Two-Week Sprints Were Finishing Only Half the Planned Work

A nineteen-person AI agency in Seattle ran two-week sprints across all their delivery teams. It was the standard agile cadence they had adopted from day one, borrowed from a product engineering handbook without much thought. For three years, it worked well enough. Then the operations manager noticed a troubling pattern: sprint completion rates across the agency averaged fifty-eight percent. Nearly half the work planned for each sprint was not finishing on time.

The teams were not underperforming. They were planning against a cadence that did not match the nature of AI work. Data cleaning tasks that were estimated at three days took eight because the data was messier than expected. Model training runs were scheduled to complete within the sprint but ran over because hyperparameter tuning required more iterations. Client review cycles were crammed into the last two days of the sprint, creating a bottleneck that pushed approvals into the next sprint.

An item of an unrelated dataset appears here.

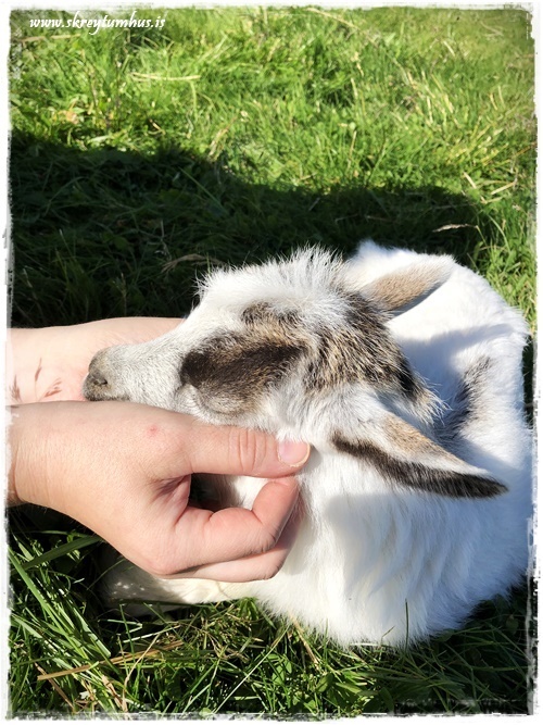 …það er svo yndislegt að vera þarna, því að það er enginn svona “dýragarðsfílingur” í gangi. Maður fer bara inn í girðingu, risastóra, þar sem geiturnar rölta um og heilsa upp á mann, ef þær nenna. Gæfa og yndislegar…

The operations manager experimented with different cadences for different project phases. Discovery sprints ran one week. Build sprints ran three weeks. Evaluation and client review periods ran two weeks. Sprint completion rates climbed to seventy-nine percent. Team morale improved because people were hitting their targets instead of carrying over unfinished work every cycle.

The sprint cadence that works for a product team building web features is not the cadence that works for an AI team building data pipelines, training models, and deploying inference systems. The rhythm of the work should dictate the rhythm of the process, not the other way around.

Why Default Two-Week Sprints Often Fail for AI Work

Two-week sprints are the most common cadence in software development, and for traditional feature development, they work well. A developer can spec, build, test, and ship a feature in two weeks. The work is relatively predictable, the feedback cycles are fast, and the deliverable at the end of the sprint is tangible.

AI work has different dynamics.

Data work is inherently unpredictable. You might plan three days for data cleaning and discover that the client's dataset has a format inconsistency that affects forty percent of the records. That discovery cannot be predicted during sprint planning. A two-week sprint does not have enough buffer for these surprises.

Training runs have fixed durations. A model training run might take four days on available hardware. You cannot make it faster without different infrastructure or a different approach. If the run starts on day three of the sprint, it finishes on day seven, leaving only three working days for evaluation, debugging, and iteration before the sprint ends. That is not enough time for meaningful work after the run completes.

Feedback cycles with clients are longer. In traditional software, a product owner can review a feature in thirty minutes. An AI model evaluation requires the client to review performance metrics, test edge cases, and often consult with domain experts. This review cycle typically takes three to five business days, which is a quarter of a two-week sprint.

Experimentation does not fit into fixed boxes. If you plan three model experiments for a sprint and the first experiment reveals that the approach needs to change, the remaining two experiments are invalid. You need to replan, which the sprint did not account for.

Integration work has external dependencies. Connecting a model to a client's production environment depends on the client's IT team, their change management processes, and their infrastructure availability. These dependencies operate on their own timeline, not yours.

Matching Sprint Cadence to Project Phase

Different phases of an AI project have different work rhythms. Instead of forcing a single cadence across the entire project, match the cadence to the phase.

Discovery Phase: One-Week Sprints

Discovery work is fast-moving and involves frequent direction changes. Short sprints keep the team aligned and allow rapid adjustment.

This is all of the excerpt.